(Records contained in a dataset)
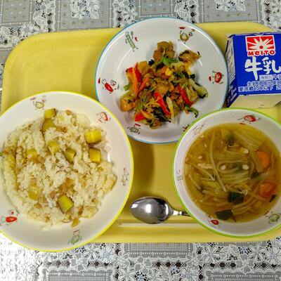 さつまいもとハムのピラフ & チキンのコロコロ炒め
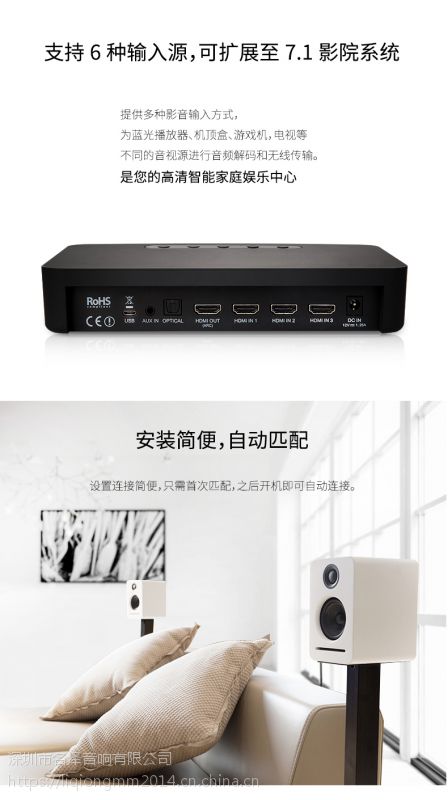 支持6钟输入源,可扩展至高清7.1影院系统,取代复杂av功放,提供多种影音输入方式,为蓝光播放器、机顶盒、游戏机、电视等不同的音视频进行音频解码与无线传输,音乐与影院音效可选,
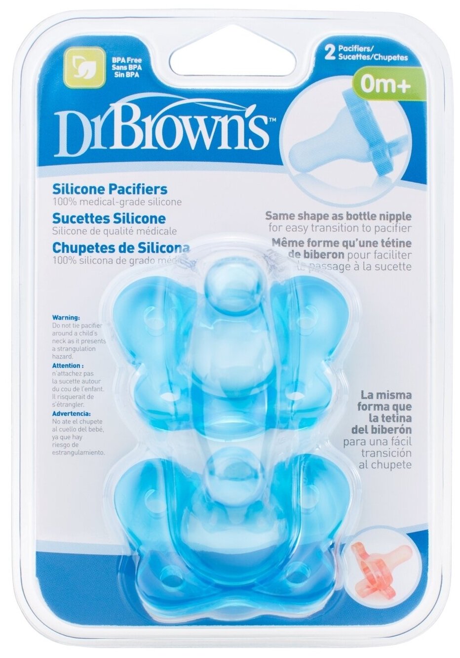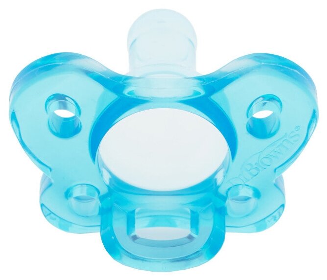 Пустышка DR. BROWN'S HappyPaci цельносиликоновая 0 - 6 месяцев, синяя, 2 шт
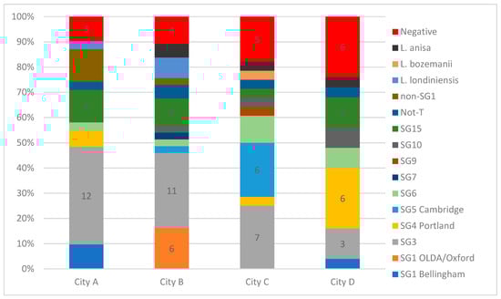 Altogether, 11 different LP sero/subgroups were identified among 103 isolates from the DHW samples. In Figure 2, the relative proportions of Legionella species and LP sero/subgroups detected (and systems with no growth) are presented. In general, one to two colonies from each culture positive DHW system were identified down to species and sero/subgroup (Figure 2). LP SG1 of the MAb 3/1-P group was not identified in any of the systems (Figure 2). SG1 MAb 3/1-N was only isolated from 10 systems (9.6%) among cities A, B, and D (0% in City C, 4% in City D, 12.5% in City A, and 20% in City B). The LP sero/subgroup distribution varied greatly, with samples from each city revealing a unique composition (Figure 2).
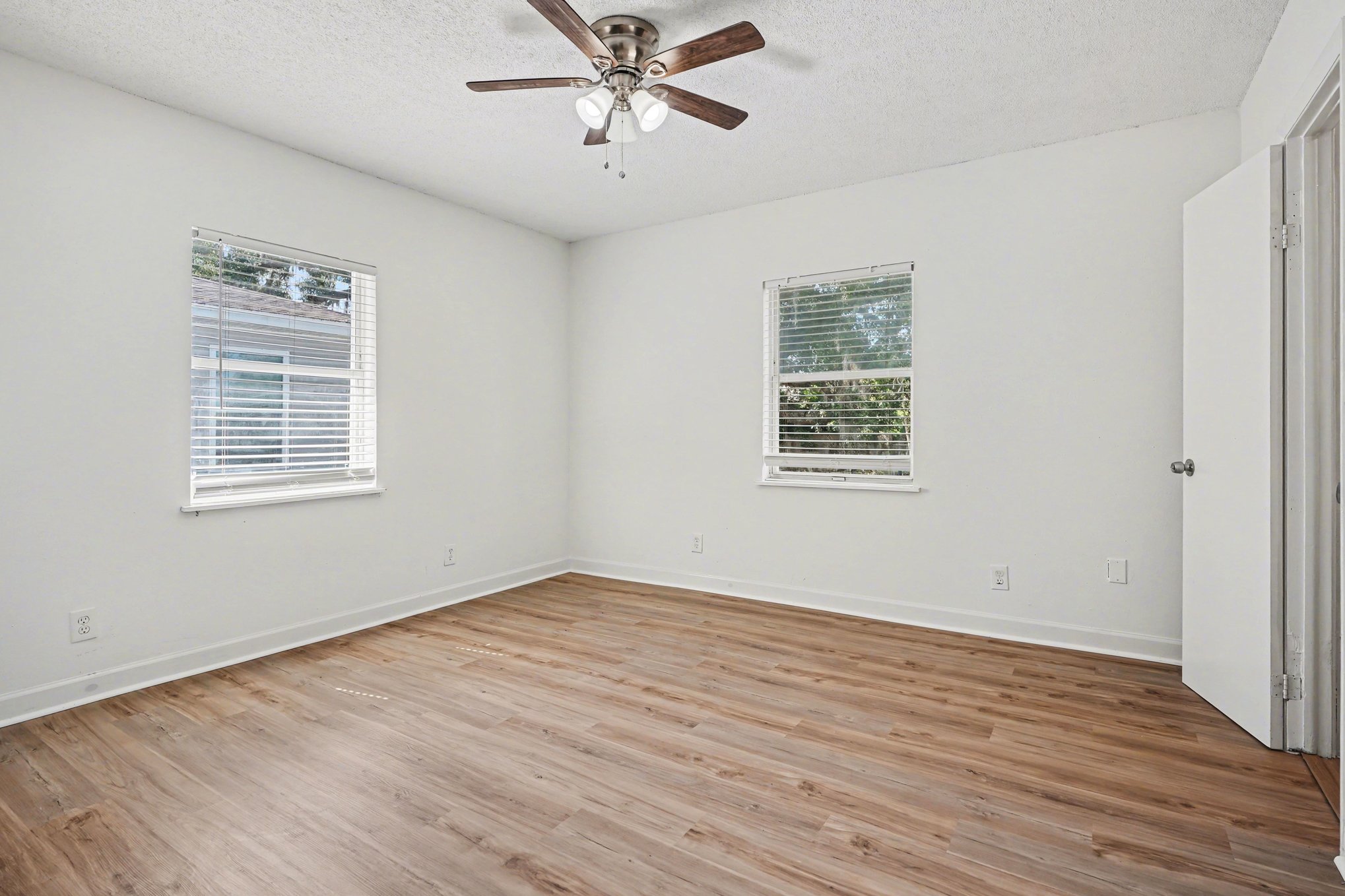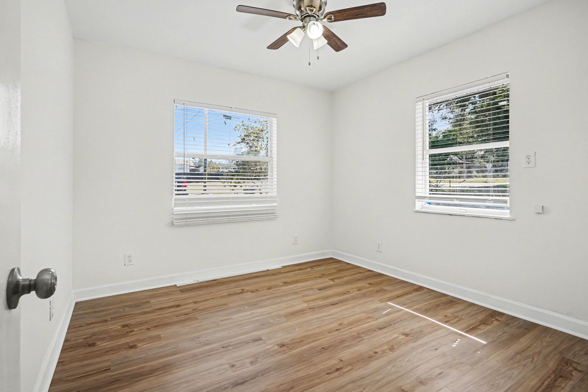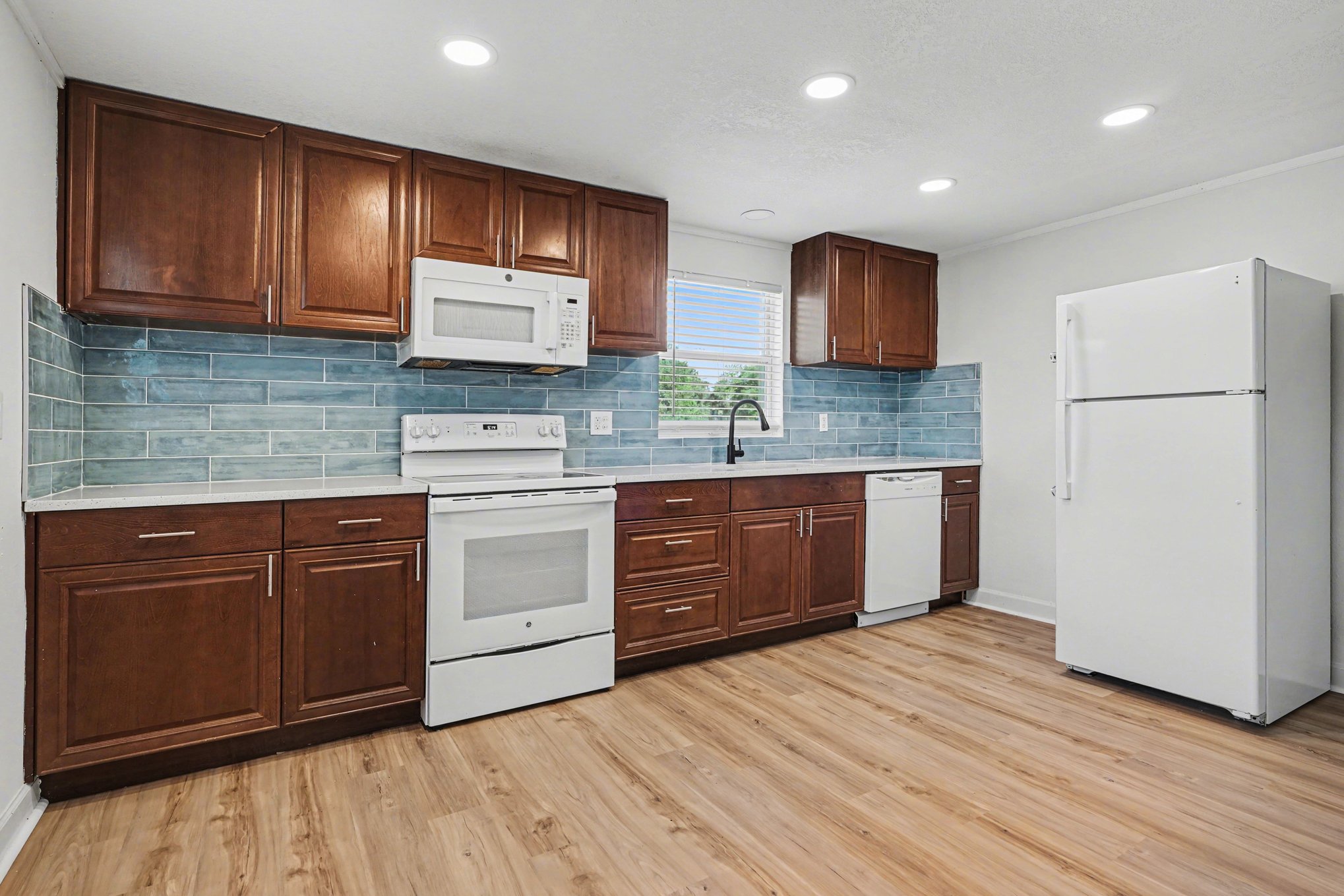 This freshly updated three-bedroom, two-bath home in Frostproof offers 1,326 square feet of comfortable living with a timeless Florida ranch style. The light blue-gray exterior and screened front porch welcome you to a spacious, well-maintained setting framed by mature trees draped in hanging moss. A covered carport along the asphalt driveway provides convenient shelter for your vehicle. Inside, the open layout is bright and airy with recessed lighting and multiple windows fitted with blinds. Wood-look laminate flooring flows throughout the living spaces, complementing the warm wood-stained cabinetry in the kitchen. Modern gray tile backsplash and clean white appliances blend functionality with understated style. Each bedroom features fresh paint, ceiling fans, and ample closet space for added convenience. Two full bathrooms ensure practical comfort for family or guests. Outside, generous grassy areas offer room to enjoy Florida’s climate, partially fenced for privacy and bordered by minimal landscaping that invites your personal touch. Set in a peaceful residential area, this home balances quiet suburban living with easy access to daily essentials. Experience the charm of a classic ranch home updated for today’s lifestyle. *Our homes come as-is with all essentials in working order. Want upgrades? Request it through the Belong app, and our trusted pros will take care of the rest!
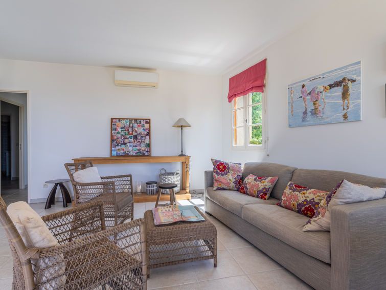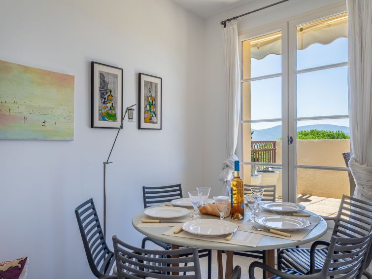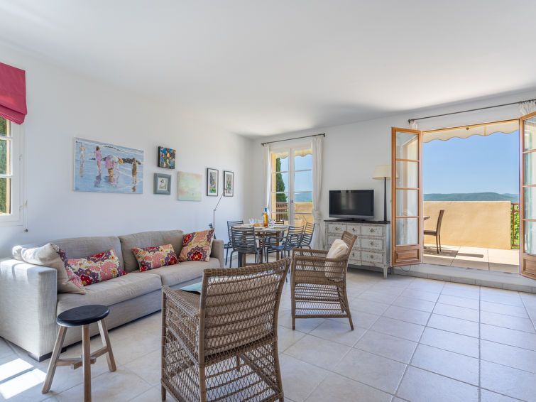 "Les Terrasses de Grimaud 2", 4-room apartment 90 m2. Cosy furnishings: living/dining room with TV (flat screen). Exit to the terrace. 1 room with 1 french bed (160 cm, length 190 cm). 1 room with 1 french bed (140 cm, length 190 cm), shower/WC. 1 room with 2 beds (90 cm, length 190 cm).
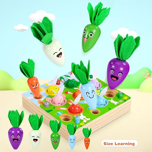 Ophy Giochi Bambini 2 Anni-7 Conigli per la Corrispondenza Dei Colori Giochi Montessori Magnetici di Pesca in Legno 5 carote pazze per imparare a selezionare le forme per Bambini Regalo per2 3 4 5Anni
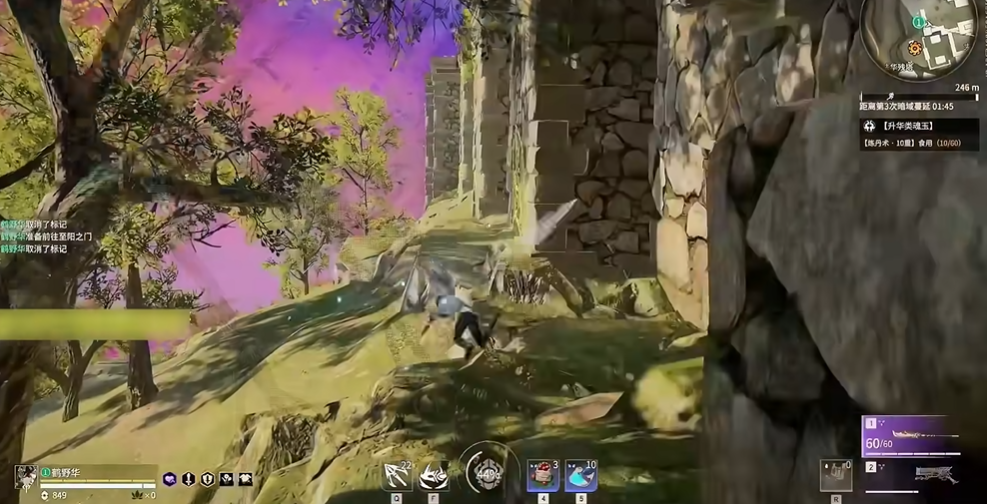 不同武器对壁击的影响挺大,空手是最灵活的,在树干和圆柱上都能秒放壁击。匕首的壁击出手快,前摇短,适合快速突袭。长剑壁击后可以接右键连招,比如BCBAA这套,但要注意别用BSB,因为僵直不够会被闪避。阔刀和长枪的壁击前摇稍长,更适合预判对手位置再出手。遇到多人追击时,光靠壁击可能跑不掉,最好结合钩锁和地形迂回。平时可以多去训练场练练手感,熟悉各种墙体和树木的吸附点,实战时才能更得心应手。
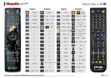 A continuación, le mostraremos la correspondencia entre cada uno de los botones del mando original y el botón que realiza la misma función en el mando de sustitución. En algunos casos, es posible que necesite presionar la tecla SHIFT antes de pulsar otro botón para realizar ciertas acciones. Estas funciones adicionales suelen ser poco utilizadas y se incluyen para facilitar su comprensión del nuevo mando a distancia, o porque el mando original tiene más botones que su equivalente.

(How to complete this task)
Word for word, restate the lines from the one containing "不同武器对壁击的影响挺大,空" through the end of the entries. Do not include pictures.

(Response)
 不同武器对壁击的影响挺大,空手是最灵活的,在树干和圆柱上都能秒放壁击。匕首的壁击出手快,前摇短,适合快速突袭。长剑壁击后可以接右键连招,比如BCBAA这套,但要注意别用BSB,因为僵直不够会被闪避。阔刀和长枪的壁击前摇稍长,更适合预判对手位置再出手。遇到多人追击时,光靠壁击可能跑不掉,最好结合钩锁和地形迂回。平时可以多去训练场练练手感,熟悉各种墙体和树木的吸附点,实战时才能更得心应手。
 A continuación, le mostraremos la correspondencia entre cada uno de los botones del mando original y el botón que realiza la misma función en el mando de sustitución. En algunos casos, es posible que necesite presionar la tecla SHIFT antes de pulsar otro botón para realizar ciertas acciones. Estas funciones adicionales suelen ser poco utilizadas y se incluyen para facilitar su comprensión del nuevo mando a distancia, o porque el mando original tiene más botones que su equivalente.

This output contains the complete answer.